Enfant, j'aimais dessiner.
Les adultes me punissaient, ils ont fait tout leur possible pour que j'abandonne ce vice, d'une certaine manière,
parce qu'au lieu d'être attentif en classe, je dessinais.
J'ai réussi à canaliser tout ça et, à un moment donné, ce pour quoi je me faisais punir est devenu mon mode de vie.
Je travaille pour la Maison des Amériques,
une institution chargée de promouvoir l'activité culturelle en Amérique Latine.
Je travaille aussi comme professeur à l'Institut Supérieur du Design,
où je donne des cours d'illustration et d'affichage.
L'enseignement, c'est...
quelque chose dont je ne pourrais pas me passer,
je crois que c'est dû à mon attitude face à la vie qui consiste à enseigner
et à éduquer les gens, généralement plus jeunes que moi,
je ne peux pas m'en empêcher.
Je travaille pour des institutions culturelles, je fais des illustrations pour enfants, des illustrations pour des publications,
du graphisme pour communiquer
et des illustrations pour m'exprimer à titre personnel, parce que, quand je fais du graphisme,
je ne suis qu'un intermédiaire entre le récepteur du message et celui qui veut l'émettre.
Je ressens le besoin de m'exprimer, moi aussi, et c'est un peu pour ça que je travaille dans l'illustration et le dessin.
Le graphiste a la possibilité de mettre un peu de lui dans ses dessins, de ses inquiétudes,
de ce qui l'impressionne, de ce qui le touche,
de ce qui fait partie de lui-même, de sa culture visuelle.
Je crois que j'arrive donc à m'exprimer.
J'ai fait une affiche en 99 pour “Vampires à La Havane”,
un film d'animation très connu de Juan Padrón.
C'était une idée de Sara Vega. C'est elle qui a fait faire des affiches de films qui existaient déjà
et qui avaient déjà une affiche qu'un maestro du moment avait conçue.
C'était bien, cette confluence, qu'un même film ait deux affiches.
J'ai donc travaillé sur une affiche pour ce film qui en avait déjà une dessinée par Muñoz Bach, un graphiste que j'admire beaucoup.
Elle a ensuite été imprimée en sérigraphie, la même technique qui avait été utilisée pour l'impression originale des affiches,
et une grande exposition a été organisée où beaucoup de graphistes ont eu l'occasion de montrer ce qu'ils pouvaient faire.

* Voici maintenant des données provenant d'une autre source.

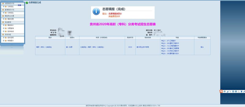 5.考生应认真细致填报志愿,核对准确后提交。在系统未关闭前,考生若发现志愿填报有误,可以进行修改,但修改不能超过2次,系统以考生最后一次提交的志愿为准。
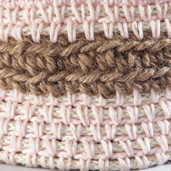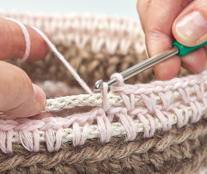 Put on the beginning of the figure wire and crochet with pink Cotton yarn and crochet hook size 4.0 with firm stitches around the plate from Jute yarn . Crochet a firm stitch with cotton in each stitch from Jute yarn , crochet an air stitch between the firm stitches.

C'est un travail gratifiant, et je ne parle pas de la récompense reçue, parce que c'est un hommage à ces maestros,
c'est très satisfaisant, surtout quand je les vois multipliées dans un même endroit,
dans la rue, intégrés à l'environnement urbain.

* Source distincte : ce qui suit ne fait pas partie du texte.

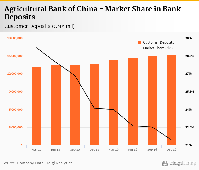 Agricultural Bank of China accounted for 21.4% of all customer deposits taken by banks in China at the end of 2016-12-31. Historically, the bank’s market share in customer deposits reached an all time high of 29.2% in 2015-03-31 and an all time low of 21.4% in 2016-12-31.

C'est pour ça que j'aime autant le graphisme et l'illustration,
parce que j'aime l'effet produit par la multiplication de l'œuvre,
et ça n'arrive pas souvent avec les arts plastiques ou les beaux arts, comme on dit.

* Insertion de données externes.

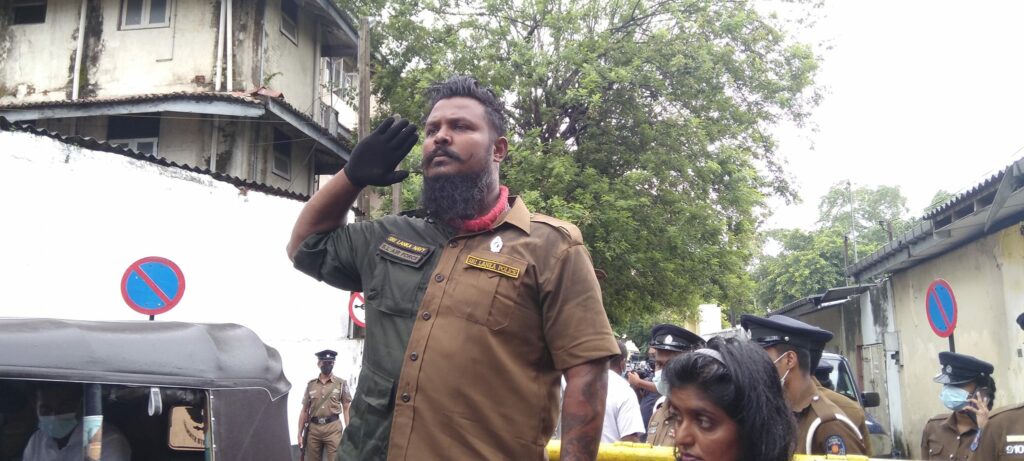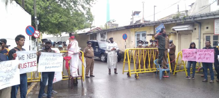 අද අධිකරණ කටයුතු ආරම්භවීමෙන් පසු එම ස්ථානයේ දී සාමකාමී උද්ඝෝෂකයන් පිරිසක් නිතියේ සාධාරණත්වය ඉල්ලා නිහඬ උද්ඝෝෂණයක නිරතවිය.

Une des choses les plus importantes qui me soient arrivées dans ma vie professionnelle,
c'est la création de Camaleón avec un groupe d'élèves alors que j'étais professeur.
Ce projet a changé ma façon de travailler et a eu une certaine répercussion sur la vie culturelle de La Havane.
Voici une œuvre réalisée en 2006,
pendant la réhabilitation de cet endroit qui avait été fermé jusqu'à ce moment-là.
Lorsqu'ils ont décidé de le réhabiliter, ils ont fait appel au groupe Camaleón.
Les choses se décident sur le moment, en discutant, on n'a presque jamais d'idée préalable.
On s'assoit et on parle un peu, on blague et, tout à coup, quelqu'un se met à dessiner et tout commence à sortir, à couler.
Ce n'est rien de plus que la confluence de l'enfer et du ciel, des anges, des diablotins, c'est une blague.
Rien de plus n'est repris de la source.